Data below —
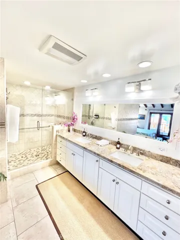 Walk-in tiled showers with custom glass
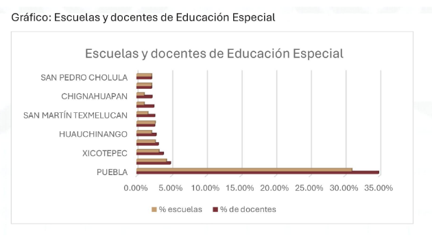 El cuadro Educación especial por entidad federativa Gracia permitiría revisar algunas entidades en lo particular. Puebla tendría con 189 escuelas de éste nivel; tan solo el 2.89% de las que prestan este servicio en la republica mexicana, y de ellas 52 (27.51%) pertenecerían a los CAMs y 137 (72.24%) corresponderían al USAER; contaría con 1 544 docentes, el 3.43% de total nacional y de ellos corresponderían 412 (26.68%) al CAM y 1 132 (73.31%) al USAER y que atenderían a 15 528 alumnos, el 2.29% del total nacional. De ellos, 2 536 (16.33%) pertenecerían al CAM y 12 992 (83.66%) al USAER.
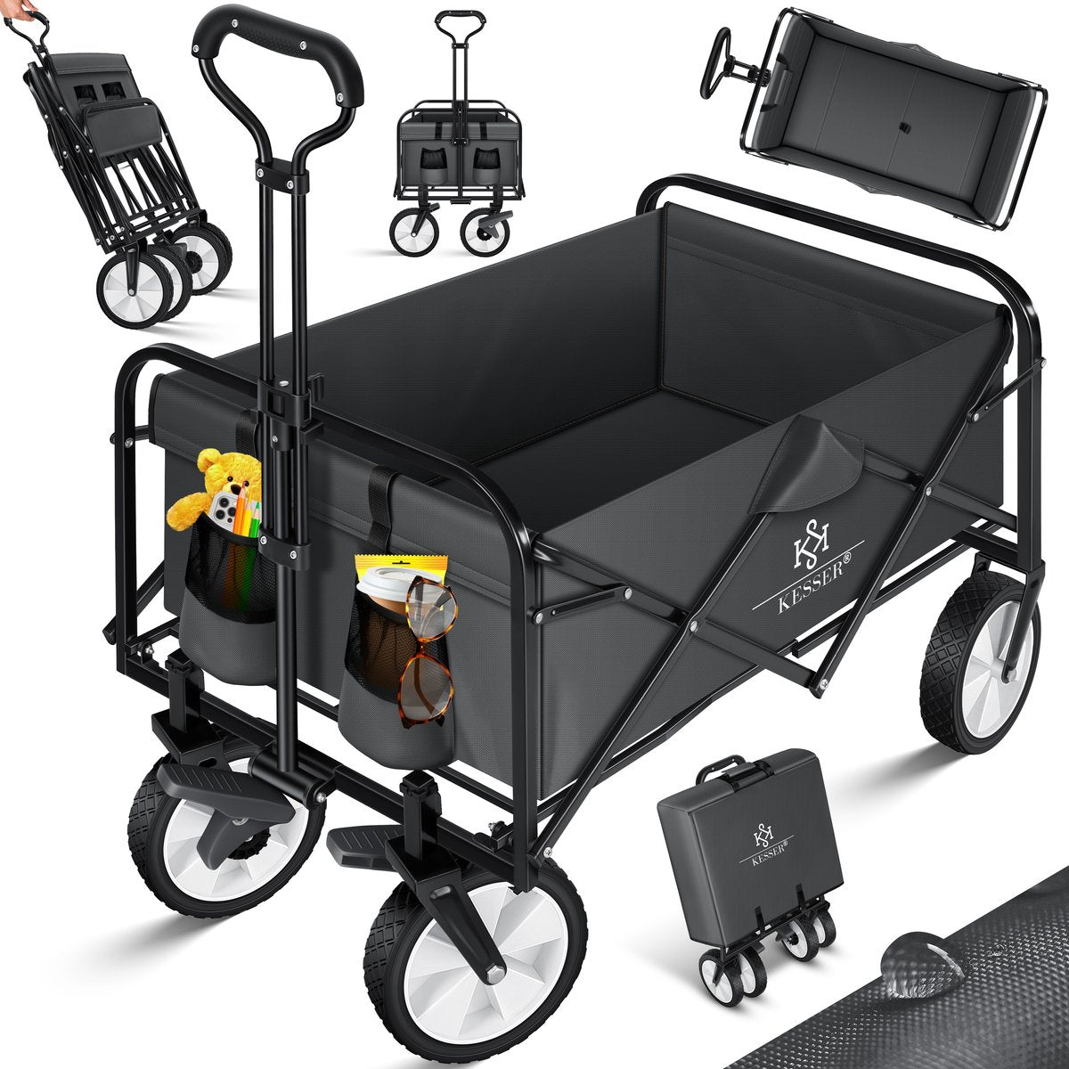 De opvouwbare bolderkar van KESSER is je ideale metgezel voor alle uitstapjes. Met zijn grote laadruimte en de extra bekerhouders biedt hij veel ruimte voor uitstapjes met de kinderen, festivals of andere vrijetijdsactiviteiten, en kan hij snel in elkaar worden gezet en weer worden opgeborgen om ruimte te besparen.
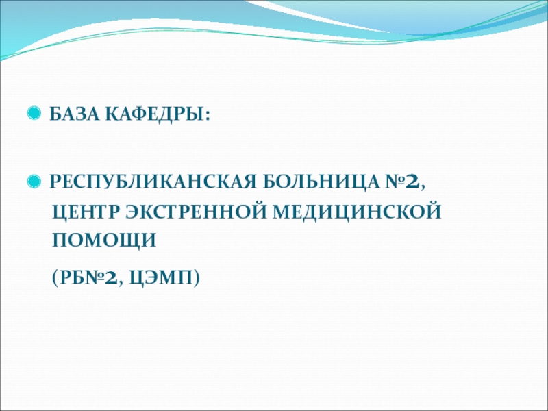 на базе обучающей кафедры (ОХТО и МК) – Республиканская больница

Assigned task — Only the pictures are to be left out; all other material is to be output exactly.

Result below —
 Walk-in tiled showers with custom glass
 El cuadro Educación especial por entidad federativa Gracia permitiría revisar algunas entidades en lo particular. Puebla tendría con 189 escuelas de éste nivel; tan solo el 2.89% de las que prestan este servicio en la republica mexicana, y de ellas 52 (27.51%) pertenecerían a los CAMs y 137 (72.24%) corresponderían al USAER; contaría con 1 544 docentes, el 3.43% de total nacional y de ellos corresponderían 412 (26.68%) al CAM y 1 132 (73.31%) al USAER y que atenderían a 15 528 alumnos, el 2.29% del total nacional. De ellos, 2 536 (16.33%) pertenecerían al CAM y 12 992 (83.66%) al USAER.
 De opvouwbare bolderkar van KESSER is je ideale metgezel voor alle uitstapjes. Met zijn grote laadruimte en de extra bekerhouders biedt hij veel ruimte voor uitstapjes met de kinderen, festivals of andere vrijetijdsactiviteiten, en kan hij snel in elkaar worden gezet en weer worden opgeborgen om ruimte te besparen.
 на базе обучающей кафедры (ОХТО и МК) – Республиканская больница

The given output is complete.